Over the last decade, easy financial conditions encouraged an increase in sovereign and corporate debt. Indeed, the leverage of American companies has reached record high levels and US corporate debt has been used for financial risk-taking to fund corporate payments to investors, as well as for mergers and acquisitions. At the opposite, the leverage of European companies has remained at low levels as European companies have remained more cautious over this cycle. In 2019, we have evolved in a new regime: the global economy has entered a synchronised slowdown and major central banks have returned to an easing stance. What are the risks for companies in this new context? We are following closely:
- The downgrade risk in the US Investment Grade universe. Net leverage for US issuers have resumed their upward trajectory in recent months. In 2020: (1) companies to make a trade-off between maintaining share buy backs and the stability or their debt (2) the downgrade risk to increase among firms facing increase pressure on profits.
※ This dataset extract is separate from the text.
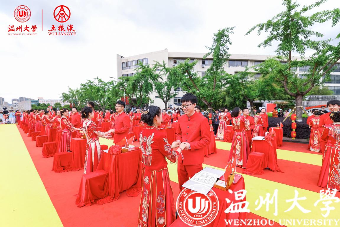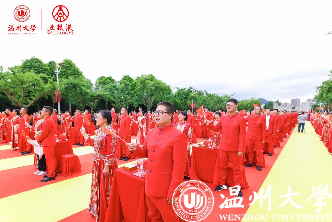 校友伉俪在全体亲友、来宾、师长、同学的见证与祝福中行执手礼、同牢礼,用定制的玉石印章在纪念婚书上烙下自己的幸福印记,许下“执子之手,与子偕老”的誓言,温大人用温大方式讲述最美的爱情故事。最后,全场挥舞国旗,齐唱《歌唱祖国》,用歌声向祖国深情告白,诉说着温大人对祖国与母校的美好祝福,用青春诠释爱国奋斗精神,用行动奏响时代乐章。

- The default rate risk for low-quality high-yield bonds. Sluggish earning growth poses the biggest threat for companies to pay interest on their debt despite the low cost of financing. Indeed, at this stage of the cycle, we think that interest coverage is more closely related to earnings than to its interest expense: interest coverage could be quickly eroded by a hit to earnings. A selective approach is required in the low-rated Euro and US High Yield segments.